Once the “Intro to Art Clay” class is completed, consider one of many metal art clay workshops led by Despina Buoncristiani: make post earrings out of fine silver metal clay and solder posts to the back, or learn how to work with tubular beads, including adding texture and paste, safely punching holes, and decorating with a syringe. Other workshops teach how to make hollow form lentil beads, create a toggle closure, make pendants and pins, and how to etch, rivet, and texture metal.



Workshops last from three hours to seven hours, and are held Tuesday through Sunday.

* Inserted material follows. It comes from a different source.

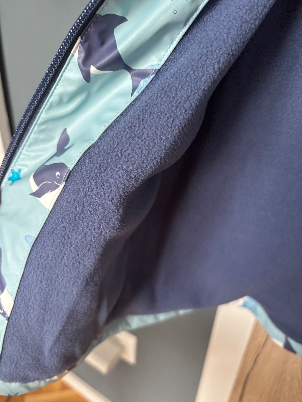 Pogumovana a zvnutra fleesova podsivka.
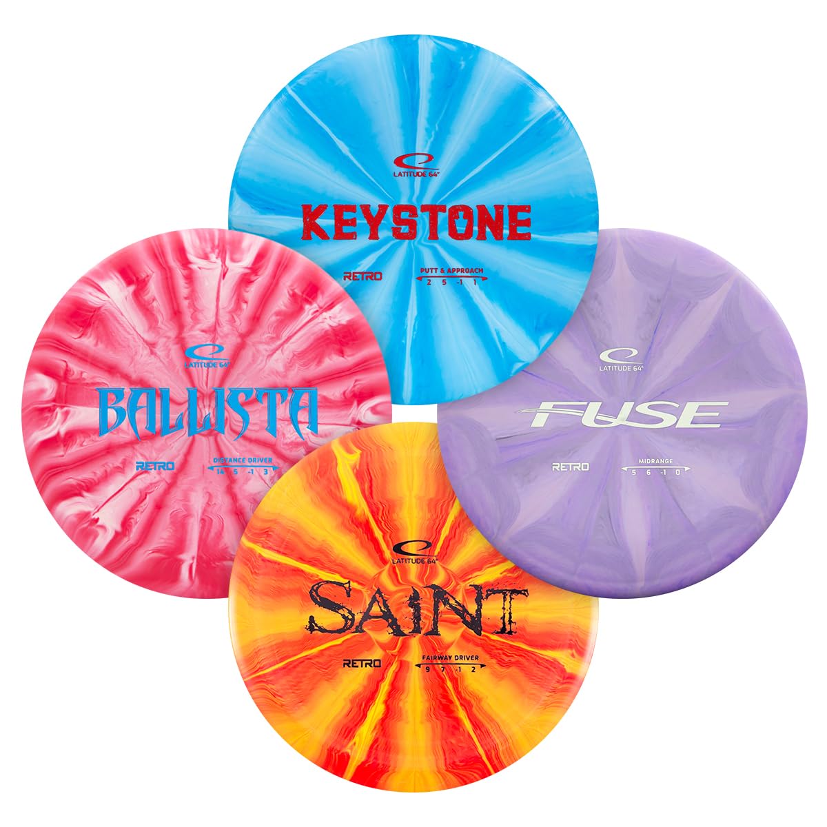 PERFECT FOR NEWER TO INTERMEDIATE PLAYERS - This disc golf set is the perfect choice for new players or intermediates that have been playing for a while and have some experience with the game. All discs come in a base plastic that allows them to have an easier flight that will slowly beat in over time to fly more understable DISCS INCLUDED - Included in this disk golf discs set is the Keystone (2, 5, -1, 1), a straight flying putter with high glide, the Fuse (5, 6, -1, 0), an understable midrange with effortless turn, the Saint (9, 7, -1, 2), a higher speed fairway driver for controlled drives, and the Ballista (14, 5, -1, 3), an overstable driver for max distance shots. ABOUT RETRO BURST PLASTIC - Retro Burst is Latitude 64’s baseline plastic and has an incredible feel and excellent grip in any weather conditions. These are affordable discs with an aesthetic burst effect that are perfect for beginners looking to try out the sport. Discs in Retro plastic are firm and will beat in faster over time compared to more premium discs, and will work into that amazing more understable discs flight path TRUSTED BRAND - Latitude 64 is known for its dedication to quality and performance in the disc golf world. As a leading manufacturer, they’ve crafted discs that are trusted by professionals and recreational players alike. With a focus on precision, innovation, and customer satisfaction DISC WEIGHTS & COLORS - All the discs in these disc golf beginner sets will come within the weight range of 170-176g. Please note that when you purchase this set that the color of the disc and stamp will vary The Latitude 64 Disc Golf Starter Set has 4 of the most popular Latitude 64 molds included! This box has everything that you need to get started in disc golf: one maximum distance driver, one fairway driver, one midrange, and one putter. Discs are all Retro Burst Plastic. Disc golf does not require any previous experience or skills, and anyone can improve quickly with practice. So take these discs and get out, get active, and play disc golf. Disc Color and Stamp Color Will Vary. discs for disc golfing,frisby golf disc set,disc golf starter sets,discs for disc golf,disc golf starter kits,frisby golf set,disc golf sets,disk golf set,discgolf,disk golf starter set,disc for disc golf,disc golf equipment,frisby golf,disc golf putter,disc golf driver,disc golf mid range discs,disc golf putters,disc golf drivers,disc gold,disc golf flying discs,disk golf accessories,disk golf driver,driver disc golf,latitude 64 fuse,disc golf accessories for men,latitude 64 discs,latitude 64 river,latitude 64 saint,river disc golf,retro disc,flying disc sports equipment,disc golf discs driver,disc golf gifts for men,disc golf midrange,disc golf midranges,disc golf gear,disc golf stuff,disk golf gifts,gifts for disc golfers,disc golf gifts for him

All materials are included (unless otherwise noted) and prices range from $38 for Bead Knotting Basics and $45 for the make-your-own-unique earwire class to $139 for the 7 hour “Intro to Art Clay” workshop.



Summer Workshops:
July 25: Making Ends Meet
July 26: Braids & Beads
July 27: Bead Knotting Basics
July 29 & 30: Open Beading Days


Cute As a Button Earrings Workshop; photo courtesy of A Place to Bead.


August 1: Wire Linking Basics
August 2: Metal Art Clay – Flat & Fabulous Ring
August 3: Sgraffito Torch Enameled Earrings
August 5: Metal Art Clay – Asian Interlude Pendant
August 6: Intro to Art Clay
August 8: Waterfall Mixed Metal Etched Pendant
August 9: Metal Clay Quickie
August 12: Alcohol Ink Components
August 16: Earring Basics
August 19 & 20: Open Beading Days
August 22: Metal Art Clay – Contemporary Bar Pin Ensemble
August 23: Bead Knotting Basics
August 24: Metal Art Clay – Bodacious Bead Caps
August 29: Metal Art Clay – Let’s Get Tubular
August 30: Tassel Fancy
August 31: Metal Art Clay – It’s Raining Bails, Allelujah!
August 31: Metal Art Clay – Pick Up Sticks Earrings

For complete details of summer workshops, visit



A Place to Bead, 2566 Mission St., San Marino 91108. Hours: Tuesday-Friday, 11 a.m.-6 p.m.; Saturday, 10 a.m.-5 p.m.; Sunday, 11 a.m.-4 p.m.; Monday, closed. Ph: 1.626.219.6633.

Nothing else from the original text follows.